Start of SUPPLIED INFORMATION

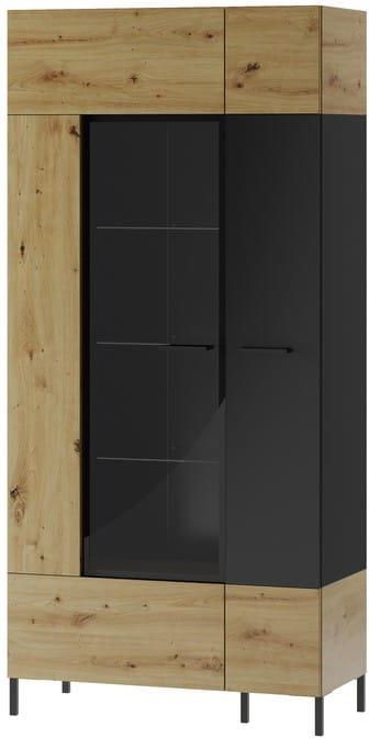 Witryna Lucas 12 dąb artisan/czarny mat Elegancka i efektowna witryna do salonu i pokoju dziennego. Ciemne wnętrze w kolorze czarnego matu oraz dębowe fronty tworzą niepowtarzalny i estetyczny design. Witryna doskonale sprawdzi się do przechowywania zastawy stołowej, pamiątek czy książek. Wysokie …
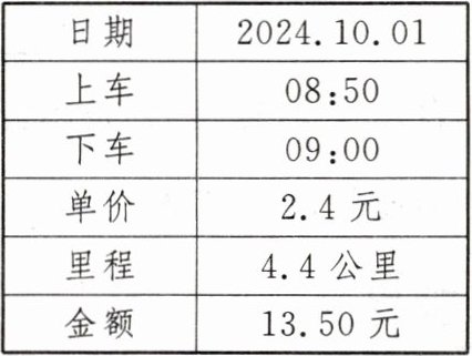 (1)解:由表可知,出租车行驶的总时间:$t=9:00-8:50=10min=\frac{1}{6}h$出租车的速度:$v=\frac{s}{t}=\frac{4.4km}{\frac{1}{6}h}=26.4km/h$
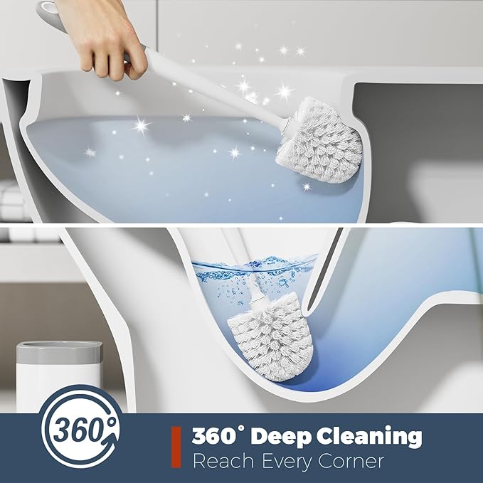 - 【360° Clean】The toilet brush head with classic design cleans the grooves and the lower edge of the toilet bowl
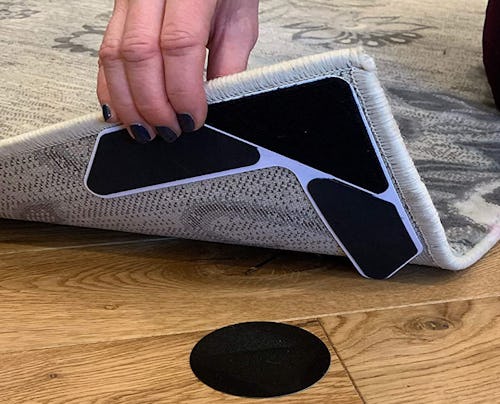 Keep your area rugs securely on the ground, thanks to these hook-and-loop rug corners. They efficiently and discreetly keep corners flat on the floor (where they belong), instead of curling up and creating a tripping hazard. The set includes four V-shaped pieces that stick to the rug — not the floor.
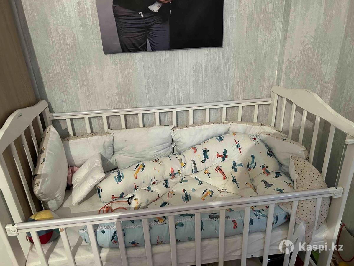 Детский манеж (кроватка) с матрасом, бортиками, подушками и коконом (гнездышком) для новорожденного. Матрастардың чехолдары бар, бәрі таза, ұқыпты қолданылған.

End of SUPPLIED INFORMATION

■ **WHAT TO PRODUCE**:
Using the entries above, repeat exactly the lines from the one with "(1)解:由表可知,出租车行" to the one with "- 【360° Clean】The", both included, and leave the pictures behind.

■ **SOLUTION TO THIS EXERCISE**:
 (1)解:由表可知,出租车行驶的总时间:$t=9:00-8:50=10min=\frac{1}{6}h$出租车的速度:$v=\frac{s}{t}=\frac{4.4km}{\frac{1}{6}h}=26.4km/h$
 - 【360° Clean】The toilet brush head with classic design cleans the grooves and the lower edge of the toilet bowl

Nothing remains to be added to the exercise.